"Miss!" squawked the clerk, triggered alive by the noise. "Don't...."

She was outside by then and running through the crazy half-light thrown by Mars's nearer and farther moons. Wind howled and tugged at her. Cold turned the breath from her helmet vent into snow.


When no pursuit developed she stopped, gasping, before one of the open-air shops she had toured that afternoon. Five "Martians" bent stiffly over lathes and other machines, just where they had stopped after the last visitor departed. Hoarfrost mottled their leather harness, their downy red skins and the scars on their shoulders where atrophied wings had supposedly been amputated. No breath came from their nostrils. How cold and small they looked!

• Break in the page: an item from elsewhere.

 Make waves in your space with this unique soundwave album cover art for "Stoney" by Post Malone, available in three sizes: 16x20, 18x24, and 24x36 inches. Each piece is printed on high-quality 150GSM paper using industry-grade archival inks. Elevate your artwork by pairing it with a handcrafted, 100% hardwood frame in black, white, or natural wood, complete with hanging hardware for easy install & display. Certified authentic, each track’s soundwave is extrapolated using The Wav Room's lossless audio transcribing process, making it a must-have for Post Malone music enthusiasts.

On impulse, she approached briskly.

"Yes, Miss?" The robot proprietor unkinked as its automatic relays turned it on. It came forward with a grimace meant to represent a smile. "You're out very late. What may I show you?" Its voice was like a rusted bird song.

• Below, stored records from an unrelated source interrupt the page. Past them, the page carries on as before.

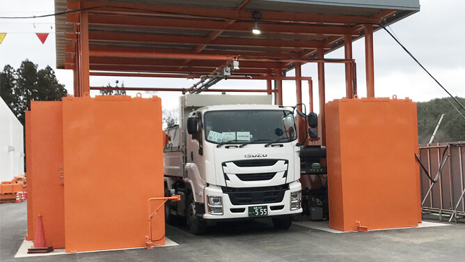 従来、放射性物質を含む除去土壌などの放射能濃度の判定を行うために、大型土のう袋に入った除去土壌を1袋ずつ測定していました。そこで大林組は、迅速かつ高精度に測定・記録できる「TRUCKSCAN(トラックスキャン)」を開発しました。
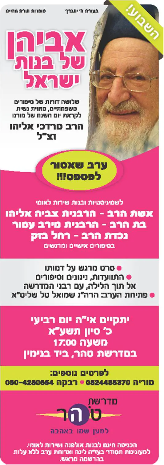 וגם את אחות, אם יצאת בערב שבת עם שמלה 'ווא ווא', שמנכרת עיניים,
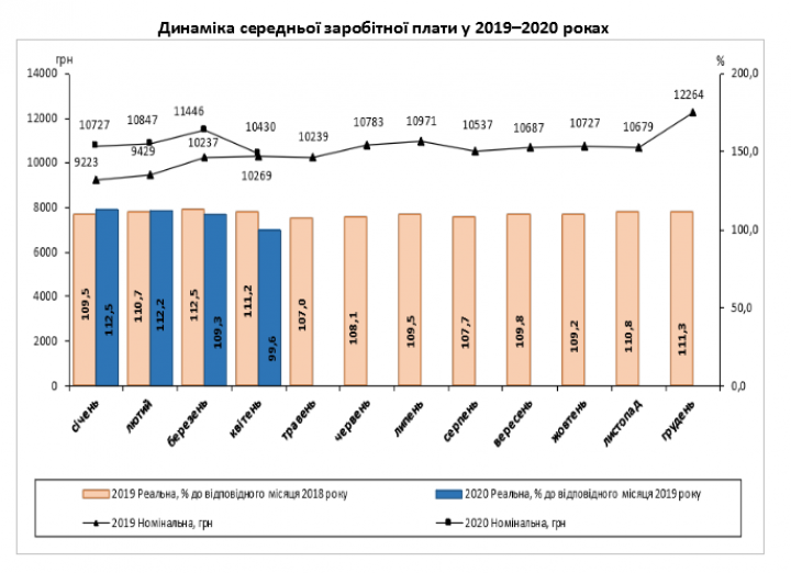 Средняя номинальная заработная плата штатного сотрудника предприятий, учреждений и организаций в апреле 2020 года составляла 10430 грн, что на 8,9% меньше, чем в марте (11446 грн).
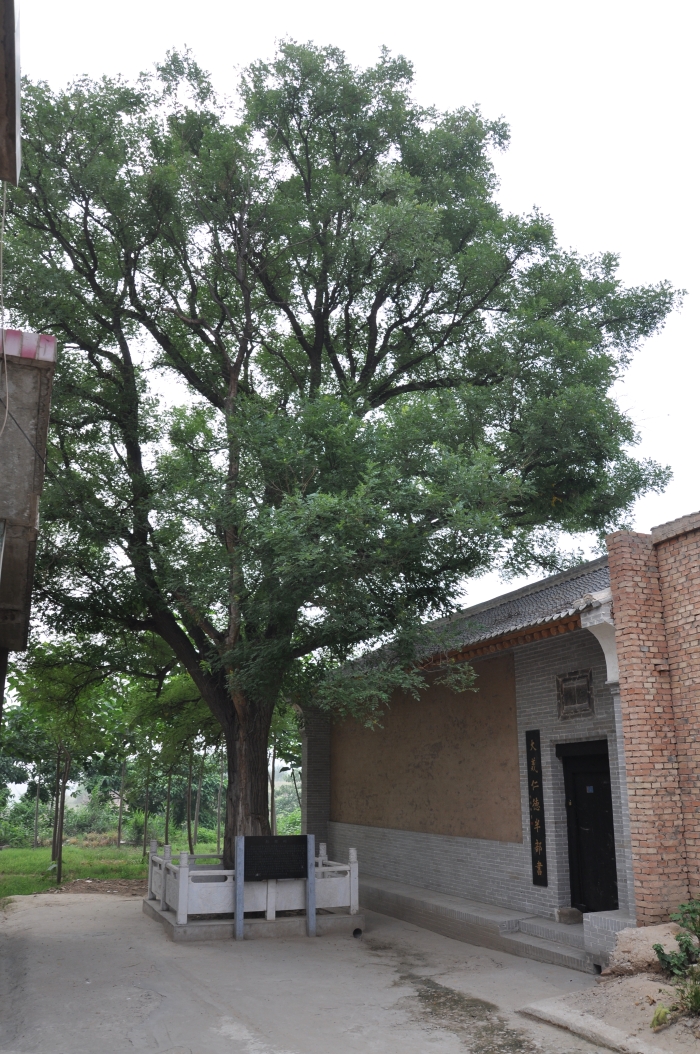 傅作义幼时栽植,寓意为立志成材,长大报国,在他和亲友们的精心管护下,树木长势茂盛。1938年冬日寇进村后,因挟傅作义长城、绥远抗战之恨,对全村进行了疯狂地报复性烧杀,这棵树则不幸成了日本鬼子任意迫害村民的“练刀树”、“活人靶”,树身也留下了数计刀伤。半个世纪过去了,这棵百年古槐不仅没有衰枯枯萎,而且更加挺拔昂劲。特别是树身上残留的一处永远不能吻合的刀痕和每天都在流淌的树液,既是日寇侵华的铁证,更是无辜受害的泪诉。为了牢记这一沉痛的历史,村民们又把“报国树”更名为“抗战树”。1957年4月,将军回归故里,站在树下,对乡亲们英勇无畏的抗日精神给予高度评价,对村民们惨遭日寇迫害深感内疚心愧。当晚,他住在树下堂弟傅作维家的西方,以表迟到的怀念之情。 [堂弟家门口 -]
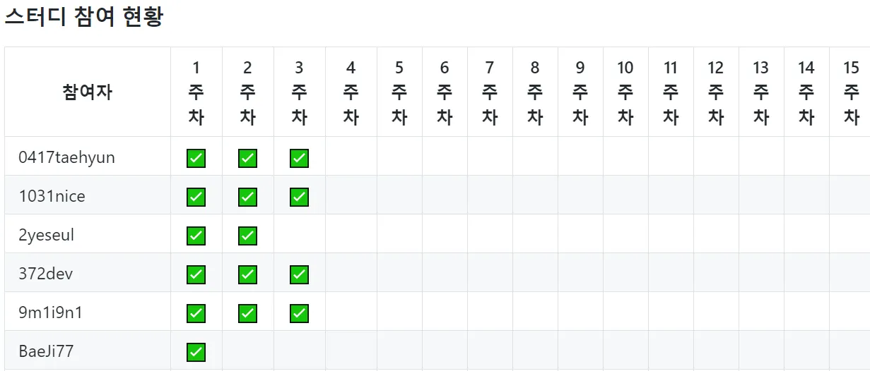 : 스터디 github의 README를 보면 현재 과제에 참가중인 참가자와 참가현황이 업데이트되며 나온다. 이걸 직접 코드로 구현해보는 것인데, GitHub API 라이브러리를 이용해서 구현한다.

"Tell me," said she, "what the Martians really made here."

"Why, we design jewelry, Miss. I have some nice...."

"No, no!" she interrupted. "What did the real Martians make here? Surely not junk jewelry for tasteless tourists. Something beautiful, it must have been. Wind bells? Dreams? Snowflakes? Please tell me."

The robot twittered and flinched like a badly made toy.